In 1999, 2000, and 2001, during the transition phase into the new millennium, quite a lot of people relocated to rural areas, which made me strongly feel that I too must take action and change.
Continuing to read many books, I came across the term "han-no han-cho" (half farmer, half writer) in (Japanese writer and environmentalist) Jun Hoshikawa's book and knew that this was it.
But, I didn't want to become a writer, nor could I do any translation, or know much about the law, or was good at computers, and soon realized that there was nothing I could use to replace the "writer" part.
In the beginning I put the word "it" into the phrase, so it read 'half farmer, half it,' but one day replaced it with an "X" instead, and that felt right. This birth of a new motto gave me a mission to communicate this lifestyle and concept.
At first I didn't really feel the need to communicate this new concept to anyone. It was more to help myself than anything. And those words really did help me. Later I started getting an unexpected boost, and began getting featured in magazines and newspapers, and then was asked if I wanted to put out a book. The concept seems to have a long life, maybe because it came to be after many wrong turns and lots of pondering.
It took 10 years to come and speak in Tokyo. I really don't feel any special need to present in Tokyo, but I am getting more requests to speak throughout the year from Tokyo. Which makes me think that the age we're living in is getting more and more difficult.
- Edahiro:
- People seem to feel that something has to be done about the low level of food self-sufficiency in Japan, but at the same time they place themselves outside of the system and wait for the government to do something about it, or for the farmers to make the effort, standing on the audience side cheering as the consumer. What you want to do is change things from within, not from outside, right?
- Shiomi:
- Yes. I think that being a Half Farmer, Half X is doable in Tokyo, New York, or Berlin.
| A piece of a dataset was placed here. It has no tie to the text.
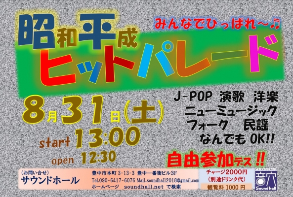8月31日(土)”新企画”『昭平ヒットパレード』開催♬昭和歌謡だけじゃない!平成もエエ曲があるっ!との声にお応えして昭和・平成しばり!題して「昭平ヒットパレード」開催します。J-Pop、演歌、フォーク...

There are some people who say that "we should limit being a Half Farmer, Half X to people living in rural areas," but this will only result in the same structure of the city versus the suburbs, by which we are so burdened.
- Rather, people should do what they can, be it balcony gardening or rooftop gardening, in places they love. Setting loose rules, such as committing 30 or 40 minutes a day to handling soil and plants will enable more people to start farming more easily. I think many people feel that starting farming is too much of a challenge, so how low you can set the bar is the key. Some people will choose to go deeper, or some may choose to just spread the word. We can all play different roles.
- Edahiro:
- When you finally decided to plant seeds and use the hoe, was it not a drastic change for you? For example, I'm sure you've questioned whether you as one individual could do anything to change Japan's level of self-sufficiency. I think that your experience in farming as you were growing up had some significance.
- Shiomi:
- You're right.
- Edahiro:
- I think crossing the line (from non-farmer to farmer) is difficult for a lot of people.
- Shiomi:
- What I thought of first is that it is important to raise the level of self-sufficiency of the food on our table even by just a factor of 0.001. Our generation will raise it to 0.1, the next generation to 0.2, and so forth. Our generation may feel that we have come so far into this very dangerous state and may feel powerless, but I think the idea of passing the baton from one generation to the next is also acceptable.
- I think that most people can't take that first big step to become a half-farmer, but I think any first step is an important one, so I recommend starting with something easy, like renting a space in a community garden, or going to visit an uncle on the farm during the summer holidays to help out, or going to a friend's place. I think the accumulation of those little actions is what's important.